I'm a boat position freak. Gotta have it -NOW!
So... I can imagine kayaks blowing all around, wherever they are tethered from. I know I'll need to just get out there and play around. But, in the meantime...
I'm considering:
-hand paddle (Made one already; Guide in the Philippines used one to great effect from a banca -a heavy wood "canoe".)
-anchor lock (bow, stern -both? I'd double anchor a boat, but a yak? Is that even safe?
-anchor trolley (heard these can cause your yak to "snake" in current. True? Worth the time?)
-stake out pole(s) (considering making a dropping pole for the stern)
-clothesline retractor to handle anchor line.
-cutters to cut lines if needed.
Advice? Experiences? Loves? Hates?
I actually like the swing in breeze or current. Get a trolley all the way. I installed on on my new Hobie Compass, but haven't used it much since I can hold position with the pedal driven Mirage Drive. I also have a sculling paddle. Took it out once, never used it again, totally useless. I don't fish too many places a stakeout pole will work, but I have considered a Powerpole Micro.

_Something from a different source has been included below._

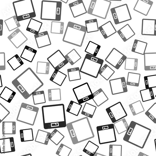 Black Bathroom scales icon isolated seamless pattern on white background. Weight measure Equipment. Weight Scale fitness sport concept. Vector Illustration.
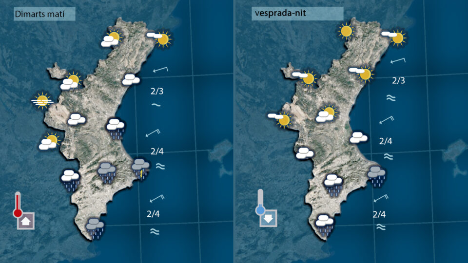 En canvi al nord la nuvolositat serà escasa i les temperatures no patiran grans canvis mengtre que al sud baixaran

Again, Mirage Drive has been solving most of the issues. I've use a fish grip with a retractable dog leash as a sort of brush anchor. For a knife, I recommend the NRS Coplilot: https://www.nrs.com/product/47303.02/nrs-co-pilot-knife. Clip it to your vest, and use the quick release when you need it in a hurry. Last of all, newer hull designs are not nearly as prone to getting blown around. Look for a sleek aero top deck design.
Take a look at this, to see me using the Mirage Drive to hold position in wind. I've also started using the drive for small corrections while standing. It's easy to make a couple of pumps one handed without setting the rod down.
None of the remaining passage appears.